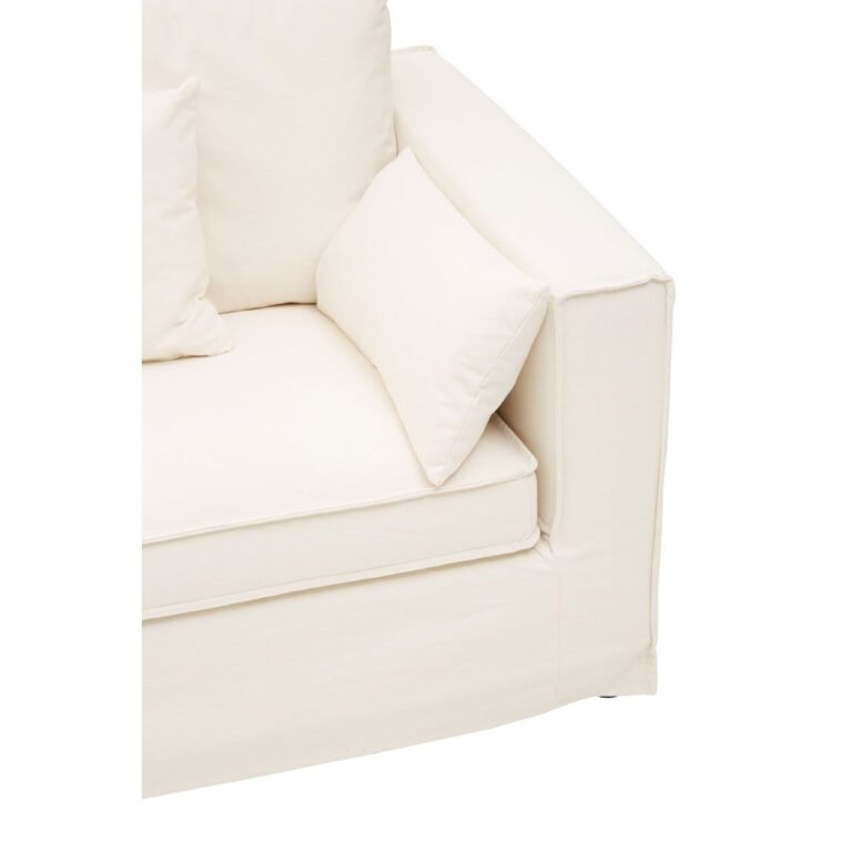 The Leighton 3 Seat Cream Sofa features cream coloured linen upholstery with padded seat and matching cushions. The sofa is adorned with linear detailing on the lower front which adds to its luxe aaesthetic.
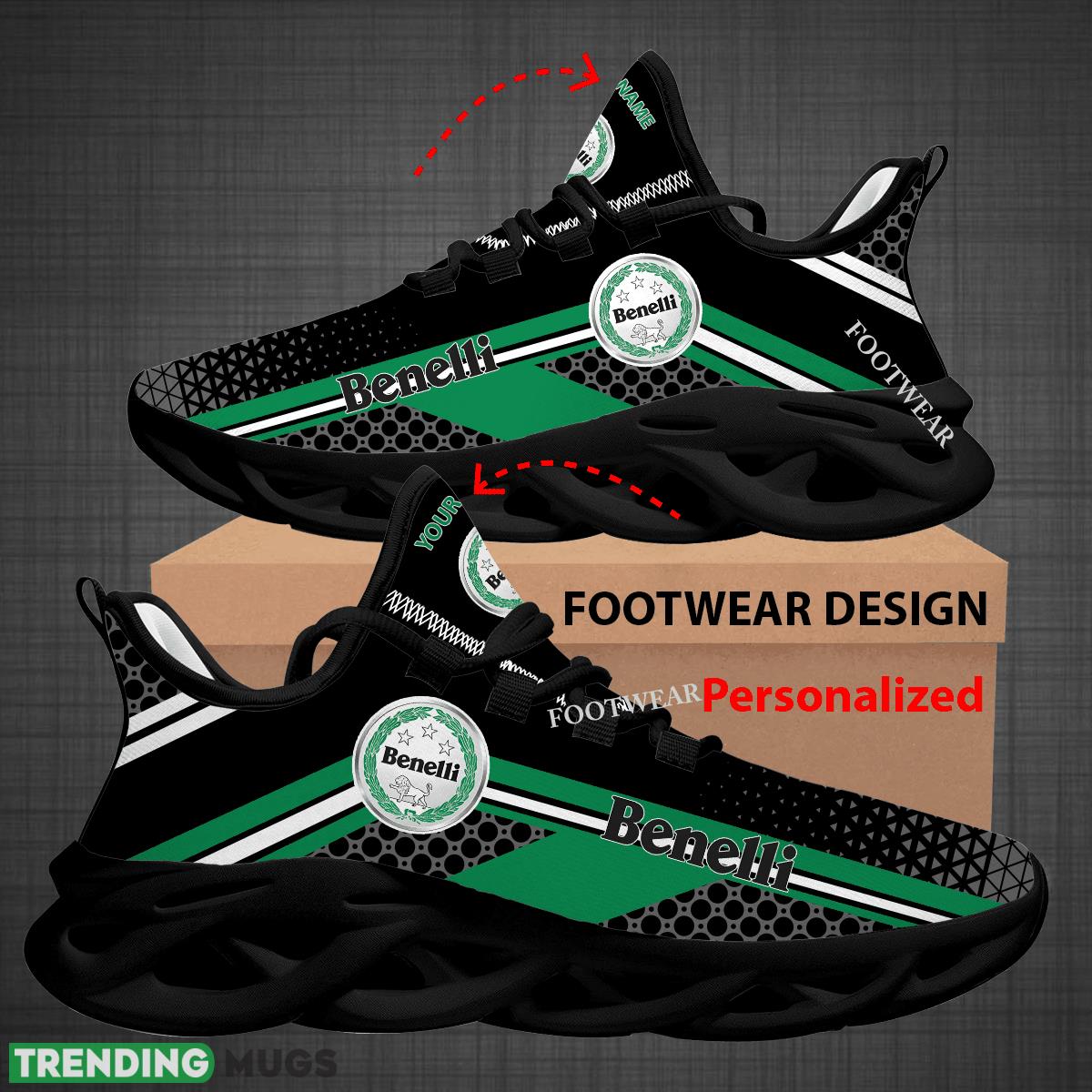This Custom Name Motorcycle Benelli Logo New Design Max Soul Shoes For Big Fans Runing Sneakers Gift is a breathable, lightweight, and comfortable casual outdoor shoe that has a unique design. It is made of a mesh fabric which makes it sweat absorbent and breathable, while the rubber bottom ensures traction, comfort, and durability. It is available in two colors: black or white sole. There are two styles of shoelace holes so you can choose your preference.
==
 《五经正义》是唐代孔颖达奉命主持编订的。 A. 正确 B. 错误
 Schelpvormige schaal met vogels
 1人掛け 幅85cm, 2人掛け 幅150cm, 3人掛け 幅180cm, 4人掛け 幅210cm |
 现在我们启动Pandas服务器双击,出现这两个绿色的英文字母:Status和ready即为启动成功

§ Exercise instructions
All that belongs in the answer is the run of lines above from the line containing "A. 正确 B. 错误" through the line containing "现在我们启动Pandas服务", exactly as written.

§ Task response
 《五经正义》是唐代孔颖达奉命主持编订的。 A. 正确 B. 错误
 Schelpvormige schaal met vogels
 1人掛け 幅85cm, 2人掛け 幅150cm, 3人掛け 幅180cm, 4人掛け 幅210cm |
 现在我们启动Pandas服务器双击,出现这两个绿色的英文字母:Status和ready即为启动成功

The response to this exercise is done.